FLORENCIA – Dean Acheson, Secretario de Estado del Presidente Harry Truman de los Estados Unidos, gustaba de citar a un amigo según el cual estar en el Gobierno le daba miedo, pero estar fuera de él le preocupaba. A quienes no estamos al corriente de las complejidades ocultas de la intervención militar de la OTAN en el Afganistán, la situación en ese país –y en toda el Asia central– es extraordinariamente preocupante.

Cuando los críticos del Presidente afgano, Hamid Karzai, dicen que está a punto de ponerse de parte del Pakistán y los talibanes, el Pentágono ha indicado su temor de que la guerra se extienda, allende el núcleo pastún, a las zonas habitadas en gran medida por tayikos y uzbecos del norte del país. Al parecer, los Estados Unidos están construyendo un “complejo especial de operaciones”, cuyo importe asciende a 100 millones de dólares, cerca de Mazar-i-Sharif, allende la frontera del Uzbekistán.

También tenía intención de construir un “complejo de capacitación contraterrorista” similar cerca de allí, en Osh (Kirguizstán), escenario, en el pasado mes de junio, del peor estallido de combates entre uzbecos y kirguises étnicos en el valle de Fergana del Asia central desde la desmembración de la Unión Soviética.

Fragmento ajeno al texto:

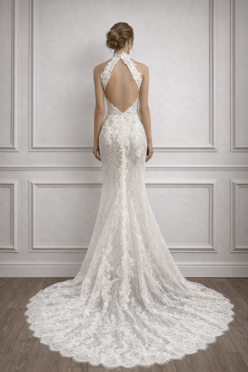 Questo abito da sposa sirena in pizzo ricamato è la scelta ideale per la sposa che desidera un look elegante, sensuale e altamente raffinato. Un modello couture che unisce artigianalità sartoriale e design contemporaneo, perfetto per matrimoni di lusso e cerimonie esclusive.

Murieron varios centenares de personas, barrios enteros quedaron destruidos y unas 400.000 personas pasaron a ser refugiados.

No existe acuerdo sobre quién encendió la mecha. Entre los posibles culpables figuran diversos rusos, la familia del depuesto presidente kirguís Kurmanbek Bakiyev y bandas de delincuentes en el Kirguizstán y países vecinos.